The U.S. Forest Service operates most of the country's large aerial tankers, but its fleet has shrunk to about a dozen planes - down from 44 a decade ago, before most aircraft were grounded over safety concerns.
The lack of planes could leave Colorado unprotected if there is another bad wildfire season, said Sen. Steve King, R-Grand Junction, sponsor of Senate Bill 245.
"We are one lightning strike ... away from a catastrophic fire that could change Colorado forever," King said.
King's fellow sponsor, Sen. Cheri Jahn, D-Wheat Ridge, said at first she thought the idea was crazy.
"When he told me what he wanted to do, I said, 'You want to do what?'" Jahn said.
Fortunately for King and Jahn, they won't have to post an ad on Craigslist to find their airplanes. The state could get three 3,000-gallon tankers from a federal surplus property program for about $17.5 million - a bargain compared to the $80 million cost of a new air tanker, according to the Legislature's staff. Operating costs would be another $7.6 million a year.

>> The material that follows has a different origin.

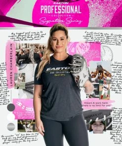 The all-new Professional Collection Signature Series, designed in collaboration with Jen Schroeder, Morgan Stuart, Lauren Chamberlain and Haylie McCleney, is Easton’s latest addition to the fastest-growing Fastpitch softball glove line in the game. Each model has several unique position-specific features, and was designed to match the style, flare and passion these athletes bring to the game of softball every day. The Signature Series is handcrafted with Premium Reserve™ USA steer hide leather and pro-grade rawhide lace. A full leather lining, binding and welting provide a durable shape and a faster break-in time. Each model features a laceless lining, an Ax® Suede back-of-wrist liner and an adjustable fit system, making the Professional Collection Signature Series the most comfortable gloves in the game.
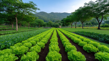 Rows of vibrant green vegetables thrive in rich soil under bright sunlight. Surrounding greenery adds to the serene atmosphere of this flourishing farm.

Their bill passed the Senate Agriculture Committee on Thursday on a 5-0 vote, but that was the easy part.
Now the bill has to go to the Senate Appropriations Committee, where seven senators hold the keys to the state vault. They will have to decide whether they want to shell out some $25 million just as the government is recovering from an epic economic crisis.
"In my mind, it is such a clear and present danger to our state that this needs to be a priority," King said.
As big and King and Jahn's dreams are, they were dwarfed by one of their allies, Tony Kern, the former head of the Forest Service's aviation program.
The federal government has been studying its air tanker problem for a decade, but it isn't getting more planes in the air, Kern said. And the planes that are in service are old.
Kern thinks federal failures create an opportunity for Colorado to position itself as an international hub for aerial firefighting technology.
"We can fly a smart bomb through Kim Jong-Il's window, but we're still throwing slurry down from 1950s technology into the wind over fires when our own citizens are at risk," he said.